Los Angeles is often described as an atomized metropolis where it’s nearly impossible to build a sense of community. The sprawling geography (and soul-sucking traffic!) certainly present daunting challenges, but new albums by two very different L.A. musicians highlight some of the enduring creative networks thriving in the Southland.

Alex Cline

Percussionist/composer Alex Cline has been a quiet force on the L.A. scene for nearly four decades, and his sumptuous new double album Oceans of Vows (Cryptogramophone) flows from relationships that have defined his life (starting with his twin brother, guitarist Nels Cline). Long interested in setting the poetry of Vietnamese Buddhist monk and peace activist Thich Nhat Hanh and verses from the Avatamsaka Sutra to music, he created two expansive suites of five pieces each for the Flower Garland Orchestra, a 14-piece ensemble conducted by new music pianist Vicki Ray.

The music takes some patience.

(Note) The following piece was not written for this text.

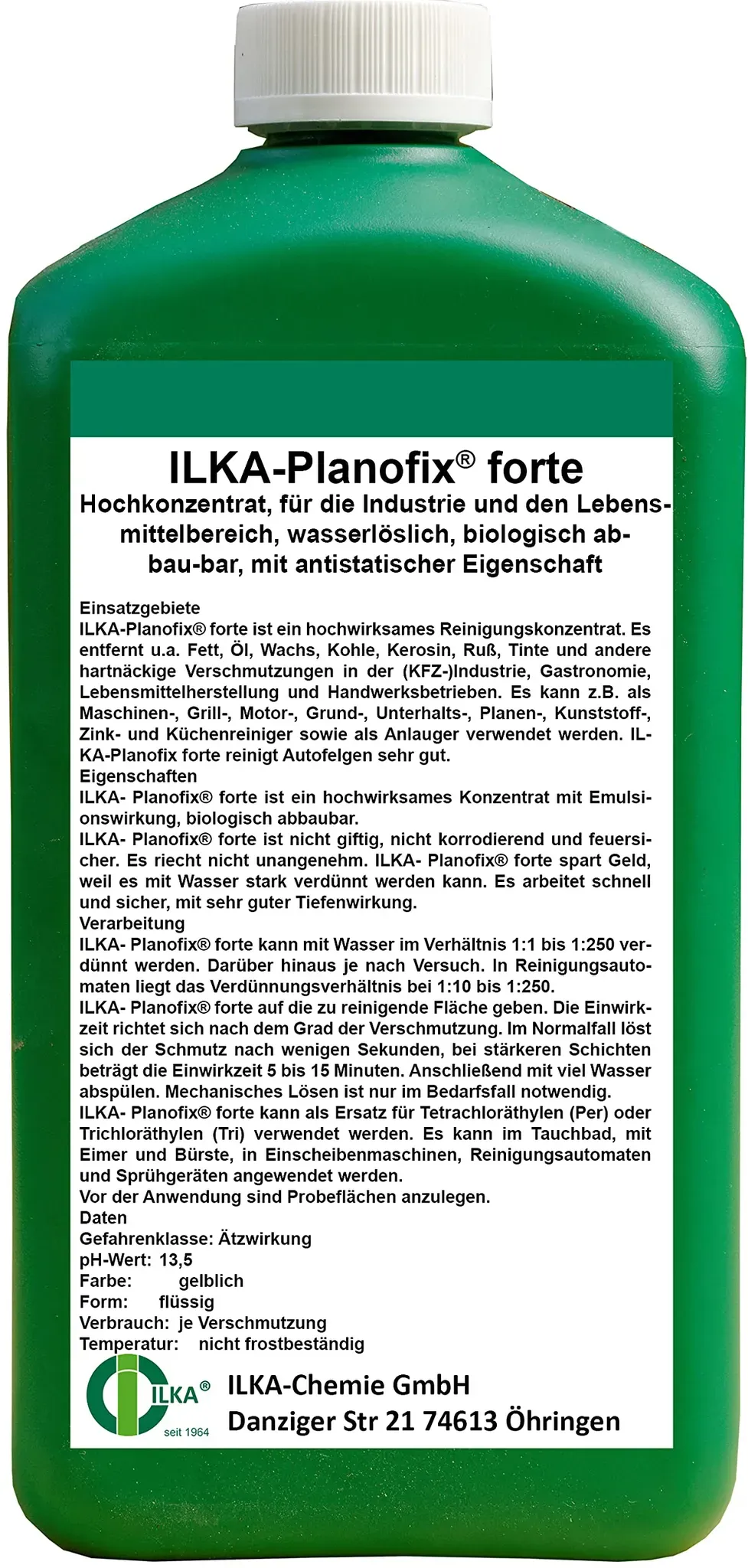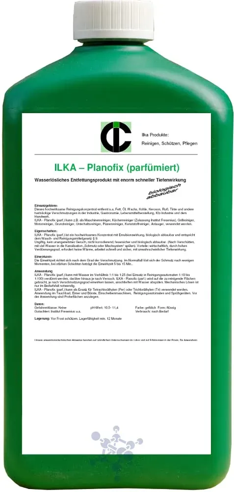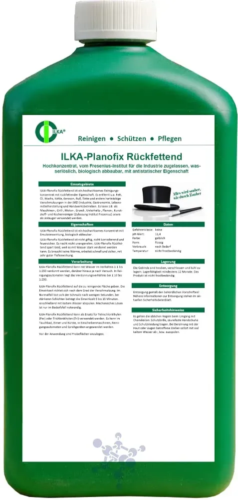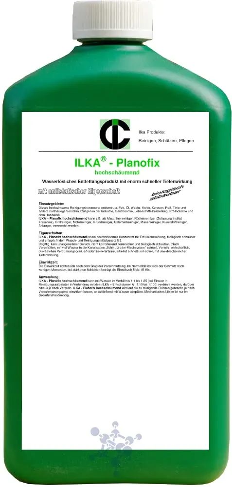 ILKA - EAN: 4250150804171 - . Beseitigt Fett, öl, Wachs, Kohle, Ruß, Tinte und andere hartnäckige Verschmutzungen dank Emulsionswirkung . Optimal in der (KfZ-)Industrie, Gastronomie, Lebensmittelherstellung und Handwerksbetrieben . Verdünnbar im Verhältnis 1:1 bis 1:250 mit Wasser je nach Verschmutzungsgrad . Anwendbar in im Tauchbad, mit Eimer und Bürste, in Einscheibenmaschinen, Reinigungsautomaten und Sprühgeräten . Anwendung als Maschinen-, Grill-, Motor-, Grund-, Unterhalts-, Planen-, Kunststoff-, Zink- und Küchenreiniger (Zulassung Institut Fresenius) sowie als Anlauger oder Felgenreiniger . Kann als Ersatz für Tetrachloräthylen (Per) oder Trichloräthylen (Tri) verwendet werden . Schmutz löst sich nach wenigen Sekunden, bei stärkeren Schichten beträgt die Einwirkzeit 5 bis 15 Minuten . Biologisch abbaubar . Made in Germany Merkmale: Gebinde: Flasche Ausführung: Konzentrat Füllmenge: 1 Liter Duft: frisch Produktform: flüssig weitere Produktinformationen: Besonderheit: biologisch abbaubar Inhalt: 1L, Hinweis: Allzweckreiniger vorsichtig verwenden. Vor Gebrauch stets Etikett und Produktinformationen lesen. - bei bueromarkt-ag.de - aus Yadore Produktdaten Dieses rückfettende 1-Liter-Konzentrat ist besonders empfehlenswert für Oberflächen, die nach der Reinigung einen langanhaltenden Glanz erhalten sollen. ![]() ![]() ILKA-Chemie ILKA® - PLANOFIX rückfettend - Konzentrat | 1 L | universell einsetzbar - Küchenreiniger (Zulassung Institut Fresenius), Motorreiniger, Grundreiniger - mit rückfettender Wirkung für langen Glanz

The forms are long and often develop slowly, with improvised stretches emerging seamless from the thrumming orchestrations. I love the way Cline uses twinned instrumentation. Every player has a counterpart. There’s Nels Cline and GE Stinson’s guitars, the electric violins of Jeff Gauthier and Miguel Atwood-Ferguson, and the keyboards of Wayne Peet and Yuka Honda, though Chi Li’s traditional Chinese instruments (two-string erhu, lower-pitched zhonghu, and zither-like zheng) stand out strikingly in the mix. The crystalline vocalist, Areni Agbabian, delivers the lyrics at an incantatory tempo and adds wordless vocal textures.


Meditative, roiling and shimmering, the music draws you in, and often arrives at a breathtaking plateau. Enlightenment may not arrive with Atwood-Ferguson’s final solo on the nearly 23-minute closing piece, “The Ten Great Aspirations of Samantabhadra Bodhisattva,” but I felt like I’d completed a rewarding journey.

Cameron Graves

Atwood-Ferguson doesn’t play on pianist/composer Cameron Graves’ debut album “Planetary Prince” (Mack Avenue), but as a Kendrick Lamar collaborator he’s one point of connection between Graves’ West Coast Get Down and Cline’s crew. Like Cline, Graves has surrounded himself with artists he’s been making music with his whole life, and it shows.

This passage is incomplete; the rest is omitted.